=== RECORD EXCERPTS ===

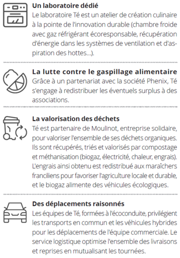 Professionnel de l’événementiel responsable, Té Créateur d'Instants se distingue par ses forts engagements environnementaux. Ses équipes veillent à la meilleure maîtrise possible de toute la chaîne de production d'un événement et à la réduction de son empreinte environnementale. Un engagement qui correspond à une demande croissante des clients.
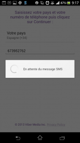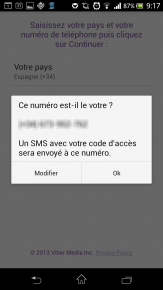 12. Si l’application ne passe pas automatiquement à l’étape suivante, vérifiez vos SMS et recopiez le code reçu dans Viber
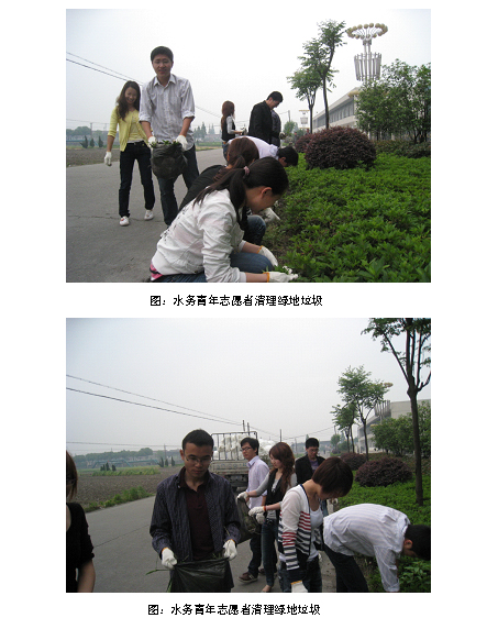 為美化城市環境迎接第六屆世界合唱比賽,同時也為“五四”青年節及建團八十八周年獻禮,5月8日下午,供水公司團總支組織青年志愿者進行了一場義務勞動,對柯湖路的垃圾進行了清理。
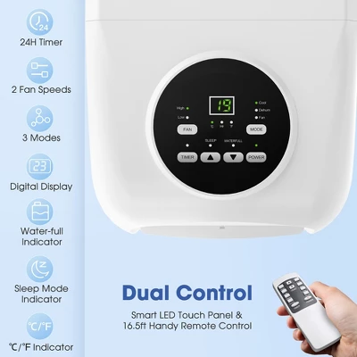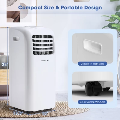 - Dual Control & Easy Movement: This compact air conditioner comes with a smart LED touch panel and 16.5ft handy remote control (2 x AAA batteries included), which allows you to easily adjust the time, mode, speed, temperature, etc. Moreover, 2 built-in handles and 4 universal wheels make it easy to move and carry.
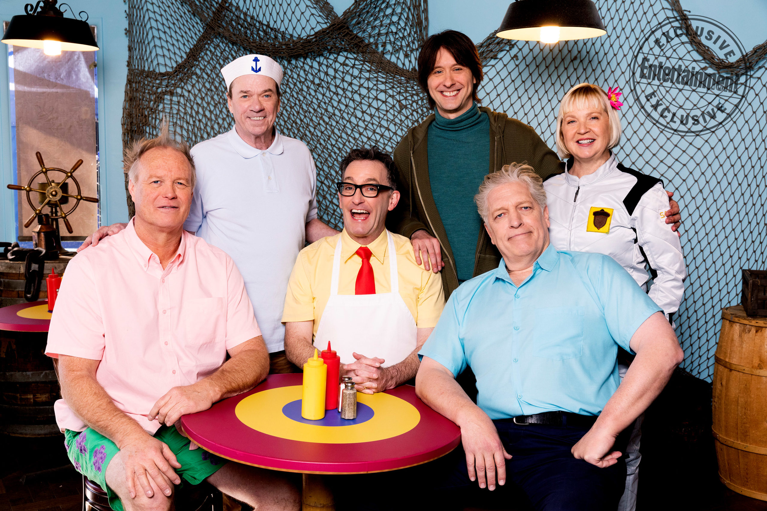 Na imagem em destaque, da esquerda para a direita, é possível observar Patrick Estrela (Bill Fagerbakke), Lula Molusco (Rodger Bumpass), Bob Esponja (Tom Kenny), Plankton (Mr. Lawrence), Seu Sirigueijo (Clancy Brown) e Sandy (Carolyn Lawrence).

===

▶ **WHAT YOU NEED TO DO**
Everything above from the line containing "12. Si l’application" down to the line containing "- Dual Control" is to be duplicated exactly, both lines included, and the pictures are to be omitted.

▶ **REPLY**
 12. Si l’application ne passe pas automatiquement à l’étape suivante, vérifiez vos SMS et recopiez le code reçu dans Viber
 為美化城市環境迎接第六屆世界合唱比賽,同時也為“五四”青年節及建團八十八周年獻禮,5月8日下午,供水公司團總支組織青年志愿者進行了一場義務勞動,對柯湖路的垃圾進行了清理。
 - Dual Control & Easy Movement: This compact air conditioner comes with a smart LED touch panel and 16.5ft handy remote control (2 x AAA batteries included), which allows you to easily adjust the time, mode, speed, temperature, etc. Moreover, 2 built-in handles and 4 universal wheels make it easy to move and carry.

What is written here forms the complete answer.